Such simple RNNs, however, suffer from the vanishing and exploding gradient problem [9]. To address this issue, a novel form of recurrent neural networks called the Long Short Term Memory (LSTM) networks were introduced in [9]. The key difference between simple RNNs and LSTMs is in the computation of g, which is done in the latter using a memory block. An LSTM memory block consists of a memory cell c and three multiplicative gates which regulate the state of the cell - forget gate f, input gate i and output gate o. The memory cell encodes the knowledge of the inputs that have been observed up to that time step. The forget gate controls whether the old information should be retained or forgotten. The input gate regulates whether new information should be added to the cell state while the output gate controls which parts of the new cell state to output. Like simple RNNs, LSTM networks can be made deep by stacking memory blocks. The output layer of the LSTM network can then be computed using Eq. 2. We refer the reader to [9] for more technical details on LSTMs.
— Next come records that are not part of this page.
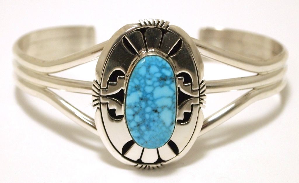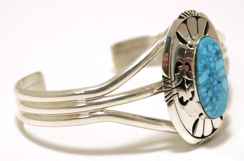 Navajo Spider Web Kingman Turquoise Sterling Silver Cuff Bracelet - Eugene Belone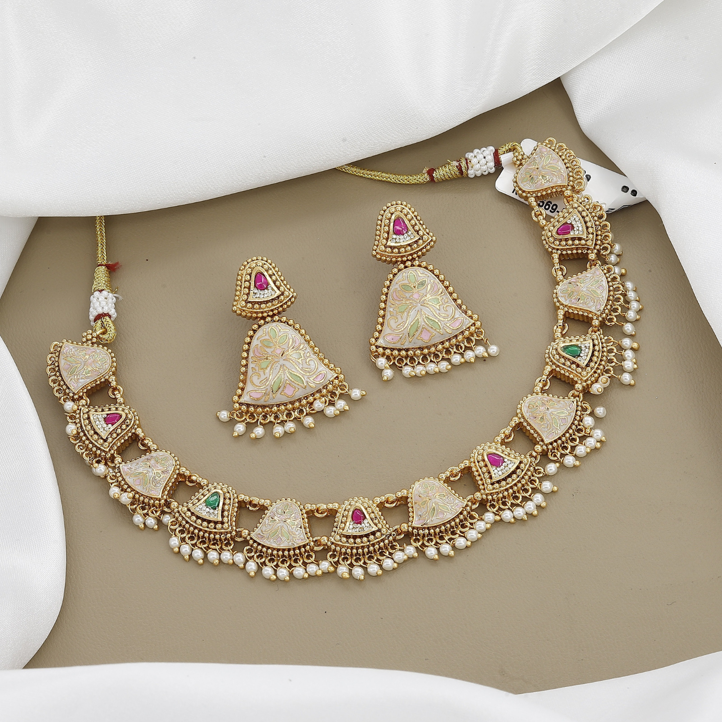 Shop our gorgeous matte gold-Toned Necklace set featuring delicate pink and white Meenakari enamel work and heart-shaped motifs. Comes with matching bell-shaped earrings.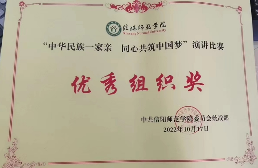 10月11日,由我校党委统战部、党委宣传部、党委学工部、校团委联合举办的“中华民族一家亲,同心共筑中国梦”主题演讲比赛决赛在逸夫楼报告厅举行。经过层层选拔,最终,太阳成集团tyc151cc荣获“优秀组织奖”,2022级小学教育(数学方向)本科三班贺馨茹荣获三等奖。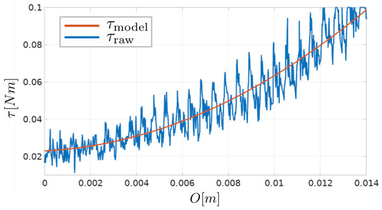 During the experiment, the forward position of the tool and the brush-shaped tool current are measured. An obstacle overlap, denoted as O, is calculated using forward kinematics and encoder measurements. The relationship between the obstacle overlap and the torque calculated from motor current measurements is shown in Figure 6.

3.2 Temporal Component of GeThR-Net

In this subsection, we describe the details of the temporal component, which is a temporally hybrid LSTM network that models modality specific temporal dynamics as well as the multimodal temporal dynamics. This network has three layers. The first layer models the modality specific temporal information using individual LSTM layers. Multimodal information do not interact with each other in this layer. In the second layer, the hidden representations from all the modalities are combined using a linear function, followed by sigmoid non-linearity, to create a single multimodal feature representation corresponding to each time step. Finally, in the third layer, a LSTM network is fed with the learned multimodal features from the second layer. The output from the third layer is fed into a softmax layer for estimating the classification confidence scores corresponding to each label. This component is fully trained in an end-to-end manner and does not require any explicit feature fusion modelling.
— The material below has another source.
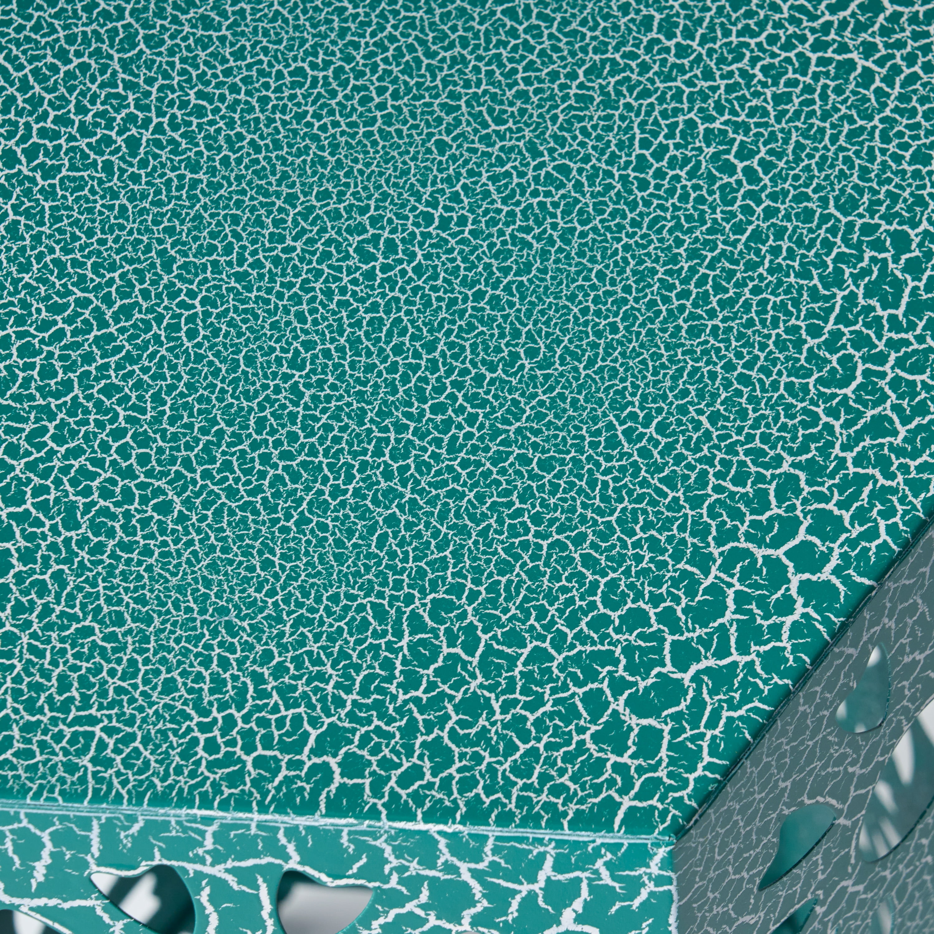 Includes: One (1) Table Material: Iron Tubing Finish: Crackle Teal No Assembly Required Hand Crafted Details Dimensions: 12.00 inches deep x 10.50 inches wide x 18.50 inches high

Now, we describe the technical details of these layers. We assume that there are total M different modalities and total T time-steps. The feature representation for modality m corresponding to time instant t is given by: \(x^m_{t}\). Now, we describe the mathematical details:

  • First Layer: The input to this layer is \(x^m_{t}\) for modality m at time instant t. If \(LSTM_{m}\) denotes the LSTM layer for modality m and if \(h^m_{t}\) denotes the corresponding hidden representation at time t, then:

    $$\begin{aligned} h^m_{t} = LSTM_{m}(x^m_{t}) \end{aligned}$$
  • Second Layer: In this layer, the hidden representations are combined using a linear function followed by a sigmoid non-linearity. The objective of using this layer is to combine features from multiple temporal modalities. Let us assume that \(z_{t}\) denotes the concatenated hidden representation from all the modalities at time-step t. \(W_z\) (same for all time-step t) denotes the weight matrix which combines the multimodal features and creates a representation \(p_t\) at time instant t. \(b_z\) denotes a linear bias and \(\sigma \) is the sigmoid function.
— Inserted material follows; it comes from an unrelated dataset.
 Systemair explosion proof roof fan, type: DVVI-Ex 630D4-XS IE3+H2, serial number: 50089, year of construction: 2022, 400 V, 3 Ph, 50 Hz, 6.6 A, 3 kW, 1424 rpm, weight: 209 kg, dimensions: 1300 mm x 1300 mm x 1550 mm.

    $$\begin{aligned} z_{t} = (h^1_{t},\cdots ,h^m_{t}), \quad p_{t} = \sigma (W_{z}z_{t} + b_{z}) \end{aligned}$$
  • Third Layer: In this layer, one modality-independent LSTM layer is used to model the overall temporal dynamics of the multimodal feature representation \(p_{t}\). Suppose, \(LSTM_{c}\) denotes the combined LSTM and \(h^c_t\) denotes the hidden representation from this LSTM layer at time t. \(W_o\) is the weight matrix that linearly transforms the hidden representation. The output is propagated through a softmax function \(\theta \) to obtain the final classification confidence values \(y^c_t\) at time t. \(b_{o}\) is a linear bias vector.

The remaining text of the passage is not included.